During the brainstorming session

  1. Create a deck of cards with challenges. Indicate a different topic on each of them and distribute them to your participants. Then ask them to come up with an idea quickly, say in less than a minute. When the time is up, collect the cards and deal them differently. Plan enough cards so that everyone can have one at every meeting, even if you have to include quirky themes to fill in a gap, such as: e.g. “quirky holiday ideas” or “What would you do if you won the lottery?”. Once everyone has contributed, collect all the cards. You can use the collected ideas to boost your brainstorming and strategic planning develop.
  2. Use a digital whiteboard tool like Lucidspark to collect feedback during the meeting. This software allows participants to give feedback like they would with paper post-its, but more efficiently. Digital whiteboards allow contributors to submit their annotations from their laptop, phone, or tablet, eliminating the need to get up and walk around a physical board or wall. In addition, Lucidspark automatically saves ratings and comments and offers timer and voting functions.
  3. During the meeting, start with an activity to break the ice and get attendees interested before you start the actual brainstorming session. This workshop does not have to be related to the topic of your brainstorming, its aim is to relax the atmosphere. For example, you can choose a What to do with this object activity. » In this game, choose an ordinary object (a ladder, a chair, etc.) and ask the participants in a given time, e.g. B. two minutes to find as many creative uses for it as possible. The answers can be goofy or ridiculous; it’s just about getting creative.
  4. Consider a visual brainstorming exercise. They allow all of your employees to get involved and engage another part of their brain. For example, start with a few themes you want to develop. Record these issues on several large sheets of paper or on a whiteboard. Pass the papers around and ask each participant to draw an illustration of their idea. Continue until everyone has had a chance to contribute to the different topics. Present the papers to the group and go through them one by one. Don’t forget to record the results of the exercise.

After the brainstorm

  1. Give attendees time to add posts, comments, or questions via email or chat—your colleagues may have lots of new ideas to share afterwards.
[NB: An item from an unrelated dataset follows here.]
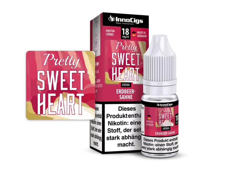 Von der Liquidschmiede InnoCigs, welches in Deutschland produziert und herstellt, stammt das Pretty Sweetheart Liquid. Bei der Herstellung wurde auf eine stets gleichbleibende Dampf- bzw. Geschmacksentwicklung geachtet, unabhängig von der verwendeten E-Zigarette. Dieses Liquid setzt beim Dampfen mit der von Ihnen verwendeten E-Zigarette den Geschmack von Erdbeeren und Sahne frei. Jede Flasche enthält 10ml Liquid in Ihrer gewählten Stärke.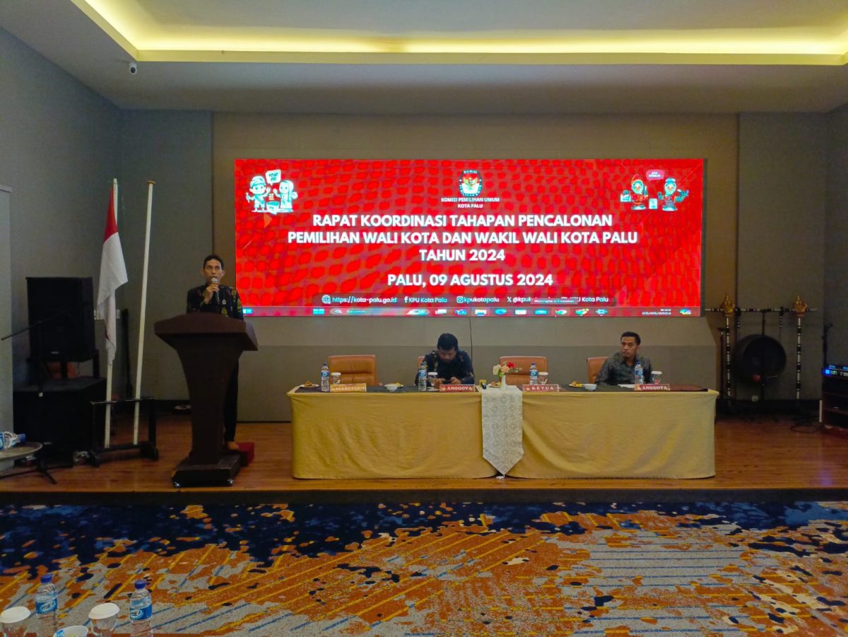 Diksi.net, Palu – Komisi Pemilihan Umum (KPU) Kota Palu menyelenggarakan rapat koordinasi membahas tahapan pencalonan Wali Kota dan Wakil Wali Kota Palu untuk Pemilihan Kepala Daerah (Pilkada) tahun 2024.

This additional time is granted according to the deadlines of your project, it can be the end of the day, the weekend or more than a week.
  2. Gather all the information processed and gathered during the brainstorming meeting. Share the results with a mind map tool to visually present the conclusions of your discussion in a simple and understandable way. You can share this data with strategic external contributors who you think could be useful to the project.
  3. Don’t hesitate to start again if you don’t get satisfactory results. It is possible that a meeting will not have the expected effects. In this case, you may need to reconsider the topics to be covered and seek input again with a new strategy. It is also possible to save good ideas for later or for another project.
  4. Prioritize deliverables considering constraints such as time, budget, and scope. Many users use a classic impact/effort matrix to sort their ideas. You can do this exercise alone, with a small number of stakeholders, or with your entire group.

Inclusive brainstorming techniques are very useful for your projects as they allow you to collect ideas from everyone involved and not just extroverts. Plans that take everyone’s contribution into account are more easily endorsed by the whole group. By combining classic brainstorming methods with digital tools, you can easily collect your strategic information and prioritize it in an effective project plan.